Taylor’s grandson, Alun Taylor, said he was “sickened to his stomach” by the BBBofC’s treatment of his grandfather and demanded an apology, BBC reported. “I understand that the world operated under different values at that time, and that the people who made those rules are now long dead,” he said, according to BBC.
“All our family need is the people in control of the BBBofC today to acknowledge what they did was wrong and to show that they would never do the same thing again.”
Growing up, Taylor and his father Charlie fought in the boxing booths on traveling fairs, where Taylor’s talent was unearthed by boxer Tommy Farr, according to boxing historian Gareth Jones. During those traveling fairs, Taylor and his father would fight dozens of bouts against allcomers of all weights and sizes, Jones added.
“Often they’d fight two 12-round bouts in the same day, one in Merthyr and the other in Cardiff,” the boxing historian explained.
Taylor won the ABA flyweight title in 1928 and went on to represent Britain in the 1928 Summer Olympics in Amsterdam but was defeated in the quarterfinals of the flyweight class to the potential silver medallist Armand Apell, according to Merthyr History.
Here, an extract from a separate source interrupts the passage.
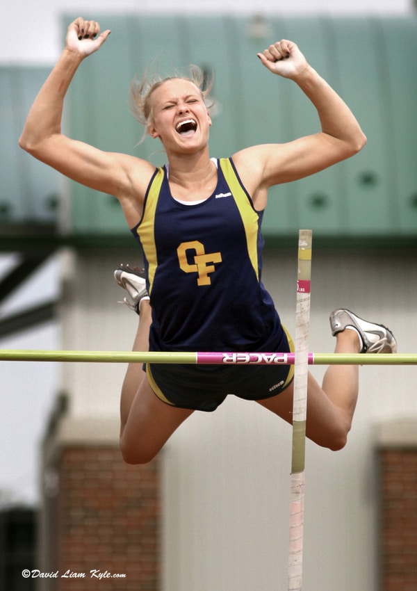 The best part about track is that the events are all scheduled, and you know exactly where the athletes are going to be running or jumping. This allows you to plan ahead for some creative angles. The worst part about track is that a lot of events are happening at the same time, and you obviously can’t be in two places at once. So get yourself a schedule and plan what events you will be photographing. Look at different shooting positions. Can you get some interesting angles from the stands? Can you get inside the track? I took this low angle silhouette photo by focusing on the first hurdle and then setting my camera on the ground and composing the image. I employed manual exposure to expose for the sky and used a 17mm lens at F/14 at 1/1000 to stop the action.

Despite not having won any medal, Taylor was celebrated as the first Black boxer to compete for Great Britain in Olympics. After the Olympics, he went on to fight in several official bouts but he could not fight for the British title because of the color of his skin. The championship barred nonwhites no matter their athletic ability and exceptional skills.
Thus, Taylor never had the success at a professional level that his talent deserved. “As an amateur, he was good enough to represent Great Britain in the Olympics but not as a professional to claim the title of British Champion,” writes Merthyr History.
Following the Gresford pit disaster that killed over 200 miners in Wrexham, Taylor and American world champion lightweight Freddy Miller sold out Liverpool’s Anfield stadium in a charity fight in 1935 to raise funds for the victims. Still, Taylor was not allowed to challenge Miller’s belt, according to BBC.
Taylor, before his death on November 15, 1977, passed on his boxing expertise onto another amazing boxer in Merthyr called Howard Winstone.
During last month’s memorial for the late boxer, Merthyr MP Gerald Jones called for an official apology. The MP had last year led a debate in the Commons about discrimination in boxing, highlighting what Taylor went through. He told the Commons: “Due simply to the fact that his parents were of different ethnic backgrounds, Cuthbert Taylor would never have the recognition and success at professional level that his remarkable talent deserved.
“That was all because of a rule that left a stain on the history of one of our country’s most popular and traditional sports, one that has otherwise been known for bringing people from many different backgrounds and communities together.”
This year, the MP told the Commons: “We will keep up the pressure on the BBBofC, and continue to embarrass them until they do what many of them have already said in private is the right thing.”
Taylor’s grandson Alun Taylor has said that all he is asking for is a written apology so he can laminate it and pin it to his grandfather’s grave.